How Does Your Organization Engage with Risk?

We have been researching how and why an organization integrates behaviors and actions that introduce “Risk” to an organization. We feel this is critical because it has significant impact on growth and profitability.

Two LinkedIn posts offer very different perspectives. The first post is by Sir Martin Sorrell, Founder and CEO of WPP and is titled, Want Success? Think Long-Term and Take Risks. Sorrell suggests that long term thinking and smart risk taking in many large corporations has lost out to an emphasis on retaining earnings and a “bunker mentality” emphasizing maintaining the status quo and avoiding risky ventures.

The second post is by Rob Alston, CEO of Access, and is titled, Company Culture Improvements in 4 Not-Exactly-Easy Steps. His post described how Access intentionally opened their “Pandora’s Box” by conducting a company-wide survey on benefits and how that led to significant and beneficial changes for everyone.

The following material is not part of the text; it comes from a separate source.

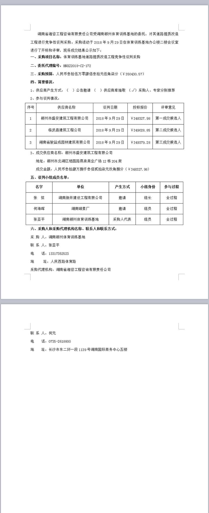 體育訓(xùn)練基地道路提質(zhì)改造工程競爭性談判采購 成交公告

In both cases responding to a disruption resulted in the ensuing behaviors and outcomes. In Sir Martin Sorrell’s post, the post-Lehman meltdown, the geopolitical turmoil created by Brexit, and increased global instability made C-suite decisions less about taking smart risks and seizing the future and more about surviving persistent uncertainty.
Access, on the other hand, sought feedback from the employee survey as an opportunity to proactively confront the issues that could hold the company back from leveraging the commitment of everyone as new opportunities emerged.

4-stepsAccess modeled a willingness to take a risk across the entire company as demonstrated in their four “steps” to improving corporate culture (shown in the graphic). Each step is a clear commitment to total engagement with each and every employee – from asking tough questions to receiving tough feedback through the resulting actions taken to make a change (or shift a pattern).

 

These different perspectives illustrate several different aspects of the Complexity Space™ Framework. The CSF focuses attention on the patterns of thought and action in organizations. It recognizes that in complex systems, how risk is managed has implications for both the short and long term health of the organization.

To the extent the “Four Questions” are actually implemented, our belief is that Access was trying to reinforce a core dimension in their “organizational ecosystem” — a clear commitment to total engagement with each and every employee. It seems to be working — the results for Access have been significant, an average growth rate of 44% per year over the past seven years.

In the Complexity Space Framework, our definition of Motivation is: What was the “attractor” that brought the organization into existence? What is the “glue” that holds it together today? Sir Sorrell’s post suggests that the motivation of maintaining the status quo results in an aversion to making the type of investments in innovations and change that prepare the organization for the future.

Mr. Alston highlights a different motivation, one built around the sticky note posted on the bulletin board in the graphic above: “Reject complacency and commit to continuous improvements!”

What motivates your organization to take a risk?